Le considerazioni che andavo facendo riguardavano appunto il perché quelle speranze e quegli auspici che nutrivamo con tanta fede fossero stati traditi e mi chiedevo se le mie opinioni non fossero per caso venate di inguaribile pessimismo, finché non mi sono imbattuto nell’ultima rilevazione dell’indice della Commissione europea che misura il percorso dei Paesi verso un’economia e una società digitalizzate (DESI).
A distanza di un anno dall’ultima valutazione, l’Italia non fa progressi nel settore digitale e si posiziona al 25mo posto, come l’anno scorso, penultima in Europa sull’utilizzo di internet.
Questa costatazione, non frutto del mio pessimismo, non può che indurre a ulteriori considerazioni. Il nostro Paese è preda di due iatture apparentemente invincibili: scelte tecnologiche miopi e una organizzazione inefficiente.
Un Paese lungo, stretto e montagnoso come l’Italia, più di qualunque altro al mondo avrebbe necessità di collegamenti telematici capillari ed efficienti che potrebbero consentire lo svolgimento di molti lavori senza necessità di spostamento verso i grandi centri con l’aggravio economico ed ecologico che queste diuturne migrazioni di massa comportano. La soluzione adottata? Privatizzare la più grande società informatica pubblica, senza investimenti in fibra ottica e banda larga. Pensare che con le necessità di scaricare dati dalla rete (sempre per gli anglofoni, download) una navigazione a 1 o 2 megabyte possa consentire un efficiente collegamento con il mondo esterno è assolutamente irreale, con buona pace delle raccomandazioni dell’Europa sulla dematerializzazione.
Ma veniamo all’organizzazione.
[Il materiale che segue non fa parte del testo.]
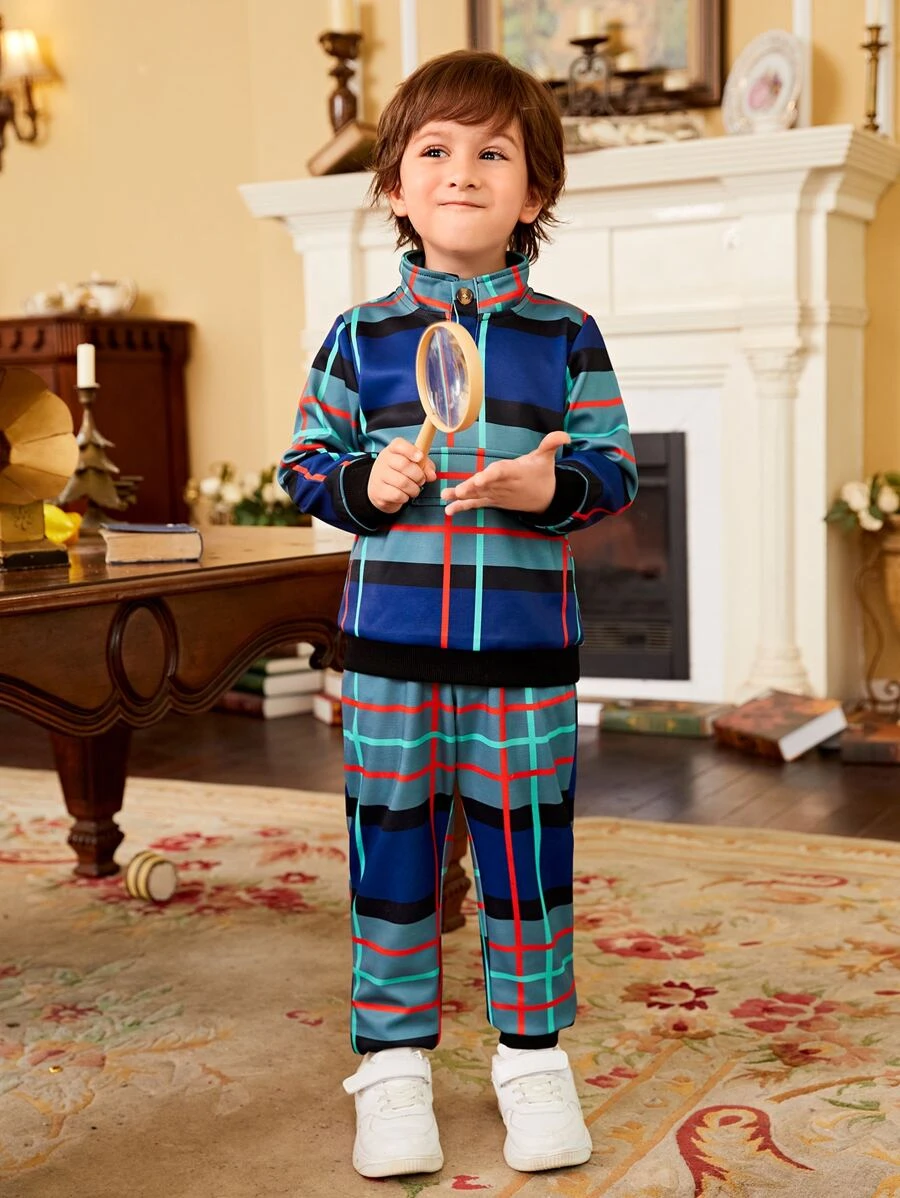เด็กผู้ชาย เสื้อสวมหัว & กางเกง ลายสก็อต กระดุมไตรมาส b-20

Sono sotto gli occhi di tutti le difficoltà in cui versa il l’informatizzazione del processo civile. Una mia parzialissima ricerca mi spinge alla conclusione che nei Tribunali Italiani esistano circa tre/quattrocento dipendenti di imprese private che hanno l’unico scopo di trasmettere un documento informatico dalla scrivania del cancelliere a quella del giudice; e il costo di tutto ciò è ribaltato sul sistema giustizia.
Ma non basta; da più parti si auspica l’arrivo di salvifiche novità, quali i bitcoin e la blockchain, ignorando che, al di là dei problemi che queste nuove tecnologie pongono in termini di sicurezza giuridica (rieccoci alle conclusioni del Congresso parigino), consegnare il Paese a queste tecnologie, senza dotarlo delle infrastrutture necessarie, sarebbe come far correre il treno ad alta velocità sulla Napoli-Portici.
Alla fine quindi sembra che sia proprio il notariato, anche a livello internazionale, a investire e nel voler continuare a farlo nella rivoluzione informatica.